December 29, 2009

summertime clothes

i still don’t own any sandals. last summer i borrowed a pair of my housemate’s (cream-coloured, slight heel, very fragile buckles) and promptly broke them, then sewed them back together (disregarding the pain that pushing a thin needle through leather inspires) only to break them again.  but last wednesday, heading to the penny black to see the tequila mockingbirds and drink pimm’s, i needed something lighter than the black patent-leather mary jane’s i’ve been wearing so much lately, and decided to fix them. one is held together with a safety pin, the other with a badge. they don’t work very well, as far as sandals go. no good for running or jumping or climbing stairs, really, but i like them. like a mother still loves a child with a leg in a cast, i guess.

these are some tights i got at scavenger’s today, sheer grey with little hearts. only $2, which is a lot cheaper than everything else in scavenger’s, which is mostly ugly ‘layering’ tops and more expensive ‘formal’ clothing.

a little ashtray i took from my parents’ house when i left home. it used to hold little pins and brooches and necklaces, but things should really perform their proper functions sometimes. and cigarette butts are much more picturesque against transclucent diamonds.

two portraits of kafka on my kitchen windowsill, by aaron. they stare down anyone brave enough to visit during the daytime.

before my friend ailsa went overseas, she and her sister held a stall at the camberwell market to sell off unwanted clothing and other things. apart from armfuls of slips, i got this lovely long printed skirt – the pattern’s lovely and very autumnal, and looks perfect with a stripey blue t-shirt.

i am drinking smoky tea (the only tea for days like these). my smoky cat is asleep outside and i can’t yet smell fire.

November 27, 2009

the jar of black & ors

The nursery didn’t wouldn’t supply it. Between flanks of roses and geraniums, the man’s face shook. No, try the other place.
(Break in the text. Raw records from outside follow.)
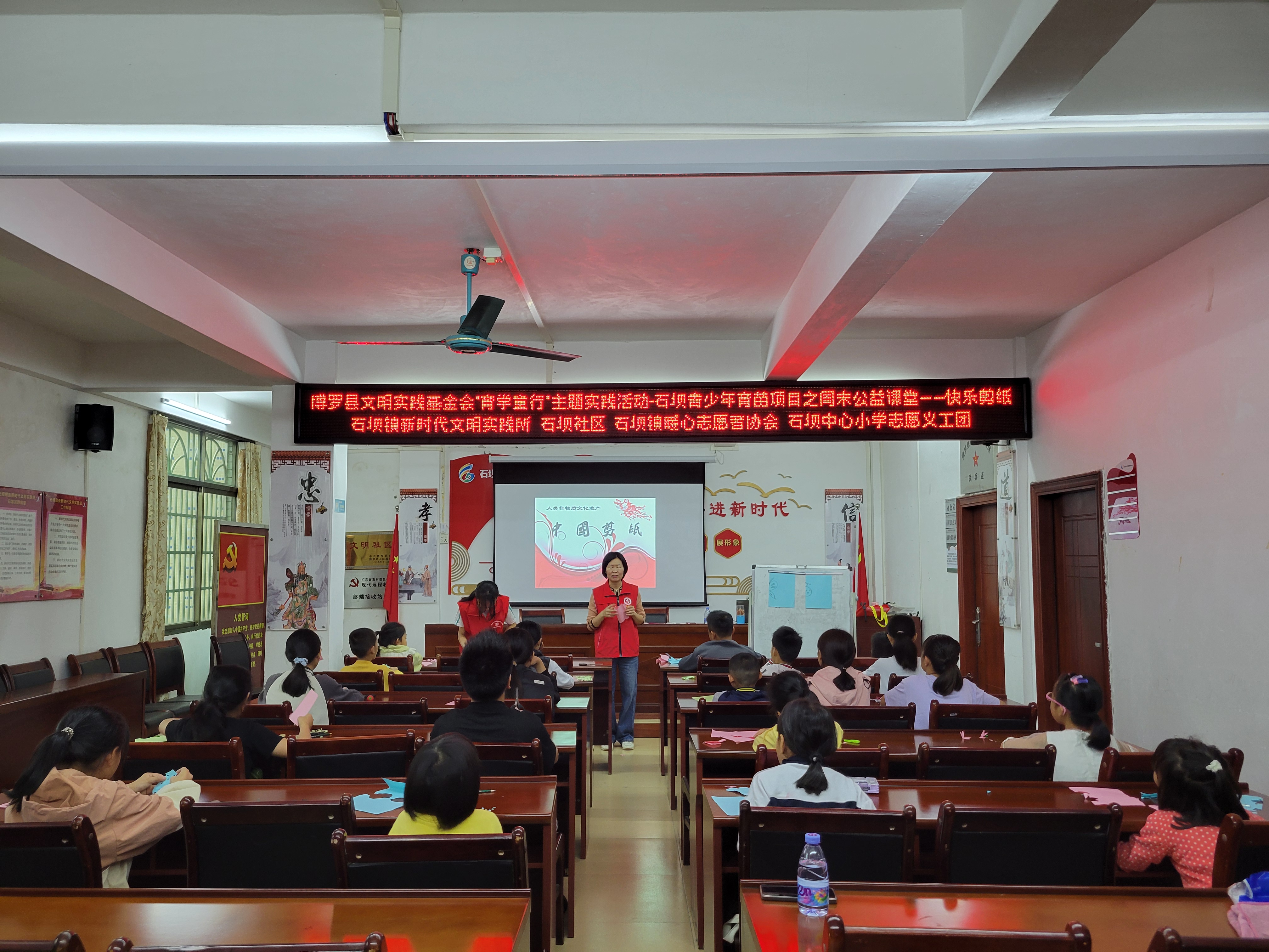 为了丰富辖区青少年的课余生活,提高其动手能力,弘扬剪纸非遗技艺,4月6日,石坝镇新时代文明实践所、镇暖心志愿者协会联合石坝社区新时代文明实践站、中文博彩平台教育义工团石坝中心小学分队举办了一场以“非遗文化,中国剪纸”为主题的快乐剪纸活动。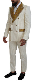 Off White Gold Striped Tuxedo Slim Fit Suit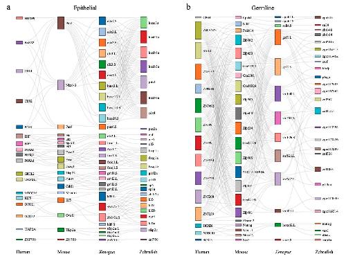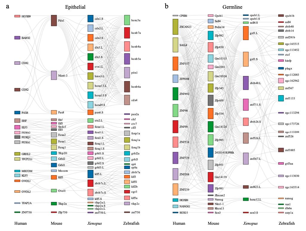 Supplementary Figure S7. [panel a Epithelial and b germline] The common lineage-specific TFs for each lineage. Sankey plot showing common lineage-specific TFs in epithelial (a), germline (b), erythrocyte (c) and immune (d). Different TFs in each species are marked in different color boxes. Homologous TFs between species obtained from SAMap are connected by lines. |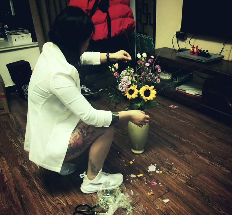 当前位置: 首页 >河南省鹤壁市纹身店-刺艺堂—刺道纹身图案>有花得有瓶 瓶还要是钧瓷~纹身图片_老传统纹身图案

Not here we don’t.

She went back outside, the jar of black a subtler Bible in her hands. Along the street there were nuns in habits so she thought. There weren’t nuns in habits. Only men in high coats, women with pastoral collars. A tram stop. A wooden seat darkened in the damp.

The jar of black bubbled quietly. She shushed it. She dragged a ragged nail along her hairline, smoothing the blonde stiff hairs that grew there. A man approached.

He wanted coins. She fingered the jar of black and retrieved two fifty cent pieces. He folded them in his hand, a wrong centaur, and went away.

Across the road, a pharmacy shone with orange light. Against the rain against the still tableau of bicycles and trams and pausing shoppers. Against the rain the pharmacy had a warm, incubating glow. She put the jar of black on the seat and crossed the road.

Two horns. The slippery, worn surface inside the pharmacy the colour of the half slip before catch of rising damp. He cannot help her, despite having a clean face. She wanders amongst condoms and shampoo and vitamins. Sometimes the jar of black has a face like a bad ghost.

She has a theory about bad ghosts. They take the shape of something you miss, but haven’t bothered to research the right facial characteristics, the way their left hip drags behind their right hip, how they skirt fire hydrants.

Two packets of paracetemol and some mauve lipstick. She peers through the laden windows of the pharmacy. The jar of black is the blackest island. More so than lagoons filled with bloody mermaids. She remembers Peter Pan. She has mixed it with crime novels and her father’s war stories. Blowsy pages.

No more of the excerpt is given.